Alfred Marshall, Knut Wicksell, and John Maynard Keynes
Marshall was motivated to study economics observing poverty among labourers in the East End of London. In chapter 1 of his Principles of Economics (1890), he states his object of studying economics.
He found the primary cause of poverty of labourers in the low quality of their labour. Theoretically, this means a low productivity of labour, and the wage rate will become equal to the marginal productivity of labour. Usually it is assumed that the marginal productivity of labour is decreasing. In this view of distribution of income, a low wage rate is caused by low quality of labour or excessive supply of labour. His way to better the standard of life of labourers was to raise the productivity of labourers and to restrain population growth. He proposed to give them education, more leisure time and better living conditions (better food, better houses, a better environment, and so on), in short, to make the labourers more educated and more healthy.Knut Wicksell in Sweden had a keen interest in the problem of poverty. He saw the main cause of poverty in an excessive population. He ardently supported neoMalthusianism.
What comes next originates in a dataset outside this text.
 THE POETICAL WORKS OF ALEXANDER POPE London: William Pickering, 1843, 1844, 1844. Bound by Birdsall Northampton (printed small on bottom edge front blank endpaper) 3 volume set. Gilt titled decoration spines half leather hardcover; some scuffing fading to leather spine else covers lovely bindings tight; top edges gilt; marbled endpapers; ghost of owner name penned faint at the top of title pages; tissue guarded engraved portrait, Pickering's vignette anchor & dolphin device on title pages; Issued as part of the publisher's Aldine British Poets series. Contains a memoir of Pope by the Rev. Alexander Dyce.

In his main work, Lectures on Political Economy (original Swedish version, 1901), chapter 1 begins by discussing the population problem, although that chapter was not included in the English (1934) version.
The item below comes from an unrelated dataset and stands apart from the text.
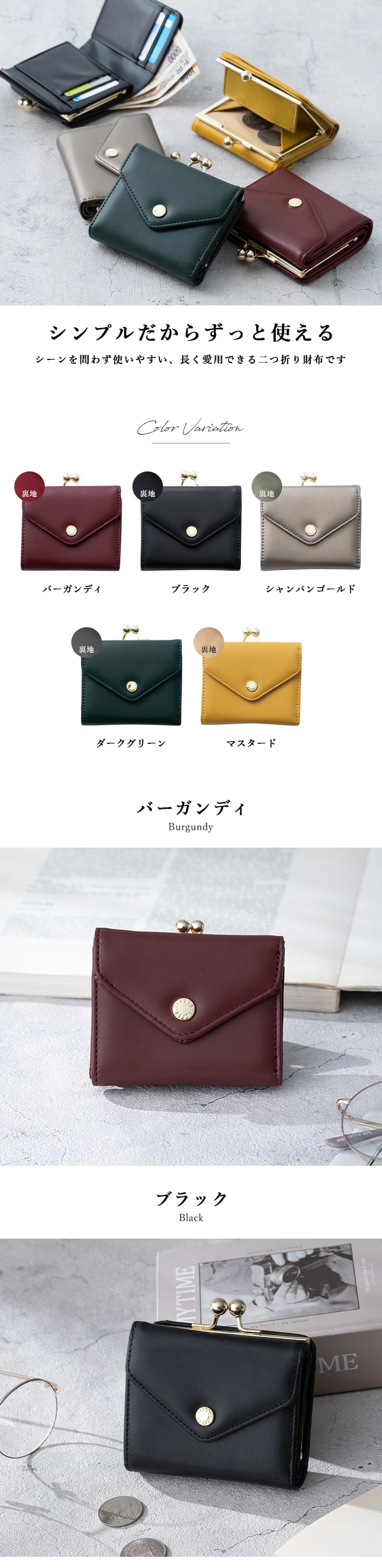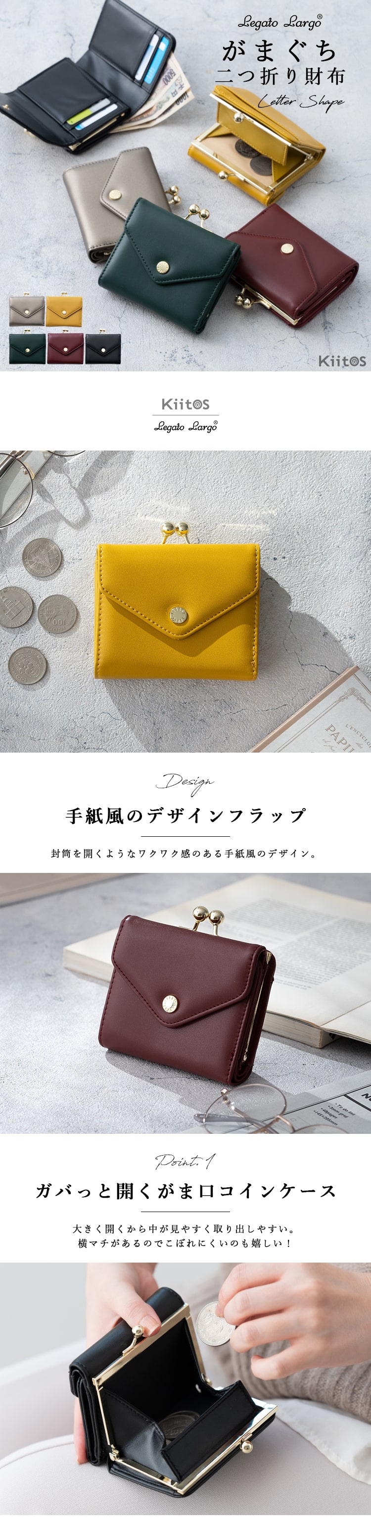 封筒を開くようなワクワク感がある、メール型の二つ折りがま口財布。

As is well known, J.M. Keynes elaborated his theory of employment to show the fundamental cause of mass unemployment in the 1930s. Unemployment is one of the most serious causes of poverty in affluent societies (The General Theory of Employment, Interest and Money, 1936). He also had a profound interest in the population problem, because he believed that an excessive increase of population would lead to the decline of the standard of living of the people of the country by making the terms of trade in international trade worse for Britain. In his youth, Keynes was a neo-Malthusian and participated in the movement to promote the use of artificial birth control, but in the 1930s he changed his mind and became concerned with the decrease of population after there appeared forecasts of a future decline of the population in Britain (see Toye 2000).